Stop releases from breaking real-time guarantees: automate WCET and timing checks in CI/CD

Hook: For automotive and aerospace teams building safety‑critical software, a functional test pass is no longer enough—missing a hidden timing regression can cost millions or lives. You need CI that runs WCET and timing analysis automatically, flags regressions early, and enforces release gating. This guide shows how to do that in 2026 using RocqStat and VectorCAST (now a unified stack after Vector’s acquisition of RocqStat), plus practical CI patterns, code snippets, and governance that pass auditors.

Why timing checks must be part of CI in 2026

Late 2025 and early 2026 brought a decisive shift: vendors and regulators expect integrated timing verification earlier in the lifecycle. In January 2026 Vector Informatik announced the acquisition of StatInf’s RocqStat timing technology and plans to integrate it into VectorCAST, creating a single toolchain for test and timing analysis—making automated timing checks realistic for CI pipelines at scale.1

"Vector will integrate RocqStat into its VectorCAST toolchain to unify timing analysis and software verification" — Automotive World, Jan 16, 2026.

That trend matters to teams shipping to ISO 26262 or DO-178C: timing evidence now needs to be traceable, reproducible, and part of your CI records.

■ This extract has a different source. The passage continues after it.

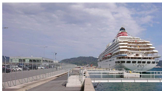
境夢みなとターミナルへの初寄港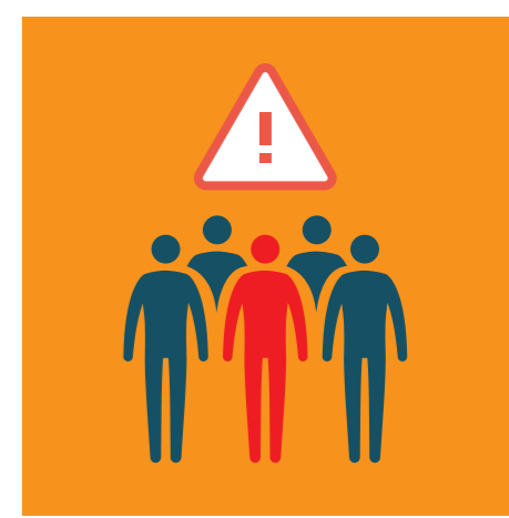
ИЗБЯГВАЙТЕ МАСОВИ СЪБИТИЯ

Manual or ad‑hoc timing labs won’t scale when you need to validate thousands of commits and dozens of ECU variants.

Executive summary: what a timing‑aware CI pipeline does

  • Produces deterministic builds designed for timing verification (compiler flags, deterministic toolchain).
  • Runs vectorized unit/integration tests (VectorCAST) with instrumentation and collects traces.
  • Executes WCET estimation and measurement workflows (RocqStat / static + measurement) and produces machine‑readable results (JSON/XML).
  • Compares results to baselines and timing budgets, flags regressions with statistical confidence.
  • Enforces release gating: fail PRs / block releases, create traceable exceptions when necessary.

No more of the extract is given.